Short-time, Wavelet-inspired Mouse Submovement Detection
This work addresses a domain-specific challenge in motor interaction analysis, offering incremental improvements for researchers studying human motion in applications like first-person shooter aim data.
The paper tackled the problem of detecting overlapping submovements in one-dimensional speed time series, proposing a wavelet-inspired method with a self-weighted loss refinement step to improve accuracy, and demonstrated it on synthetic data with comparisons to existing techniques.

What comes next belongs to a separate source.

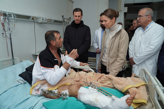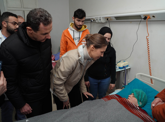 وصل الرئيس السوري بشار الأسد وزوجته أسماء، اليوم، إلى مدينة اللاذقية وزارا المصابين بعد الزلزال في مستشفى "تشرين" الجامعي.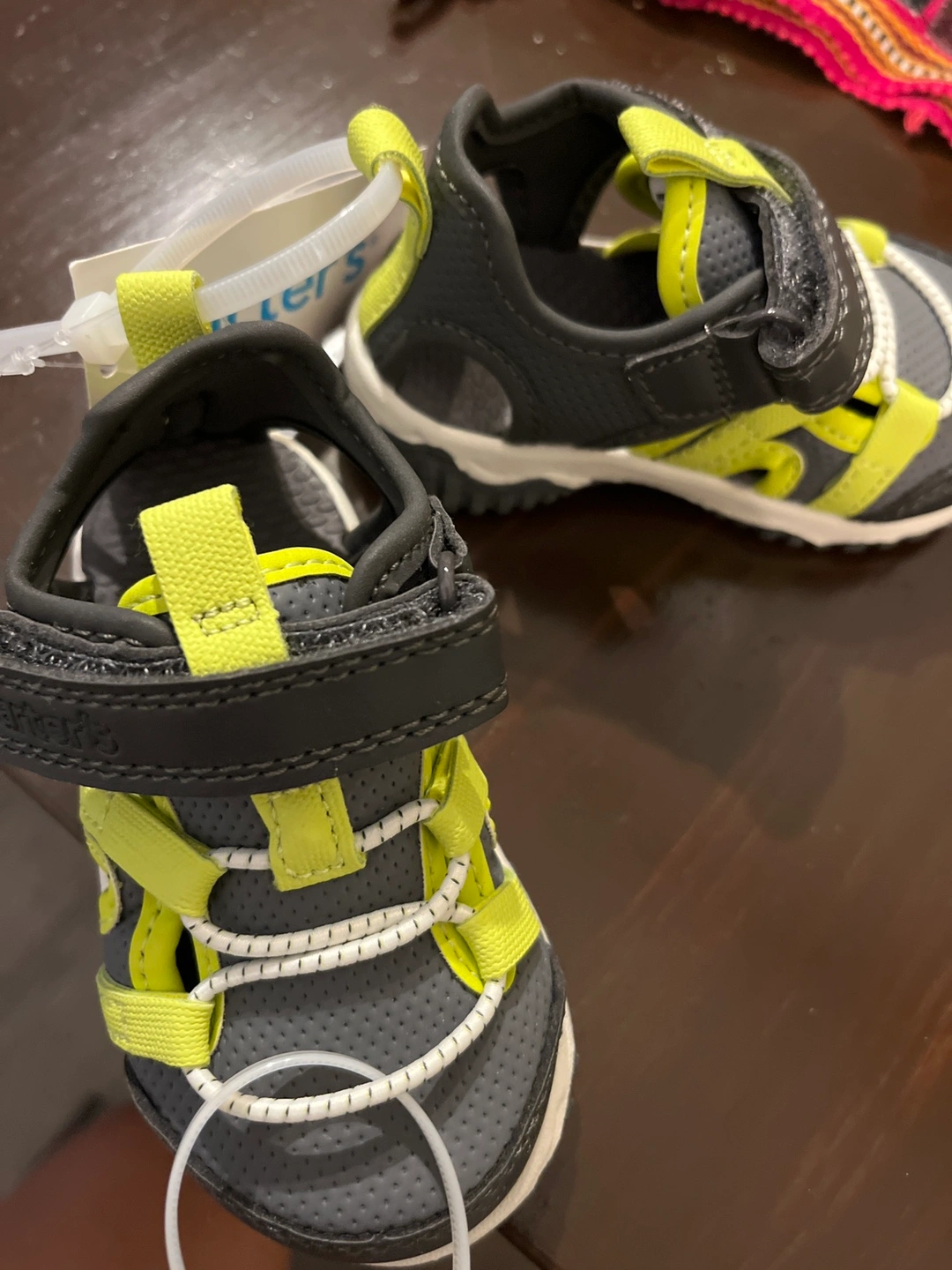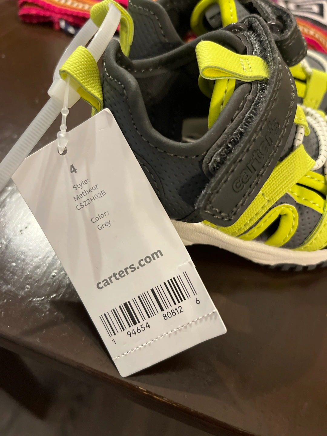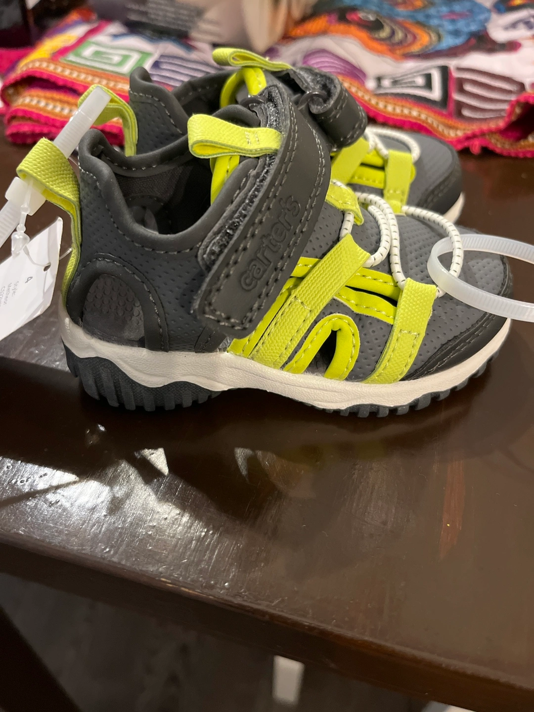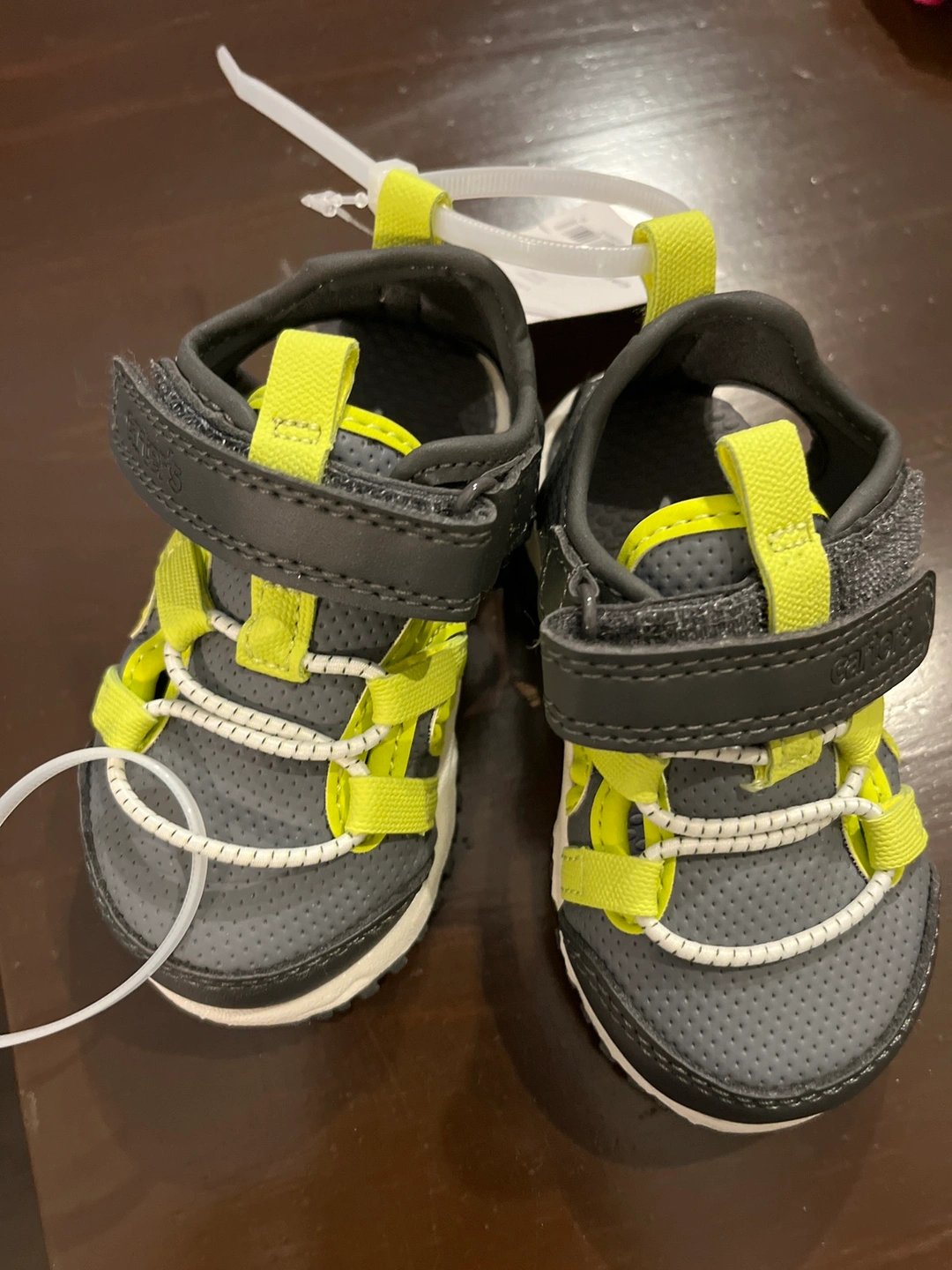 Grey and neon green baby sandals with velcro closures. Size 4. Original price 34cad

Submovements are ballistic components of human motion constituting a large part of motor interaction and arising from the cyclical and overlapping cognitive processes of perception, motor planning, and motor execution. Extracting submovements is challenging as the motions tend to overlap, or start before the previous ends. We propose and evaluate use of a wavelet-inspired technique to accurately locate and parameterize submovements from one-dimensional speed time series. Our method employs a self-weighted loss refinement step to identify and improve regions of poor quality of fit, a challenge for simpler wavelet transforms. We demonstrate the accuracy of our method by presenting analysis of ~6,400 1-2s trials of synthetic egocentric camera (first-person shooter) aim data for which we know ground truth, modeled from a similarly sized real data set of 13 users. We compare our method to dual-threshold and the persistence 1D segmentation techniques and note challenges and opportunities for future improvements.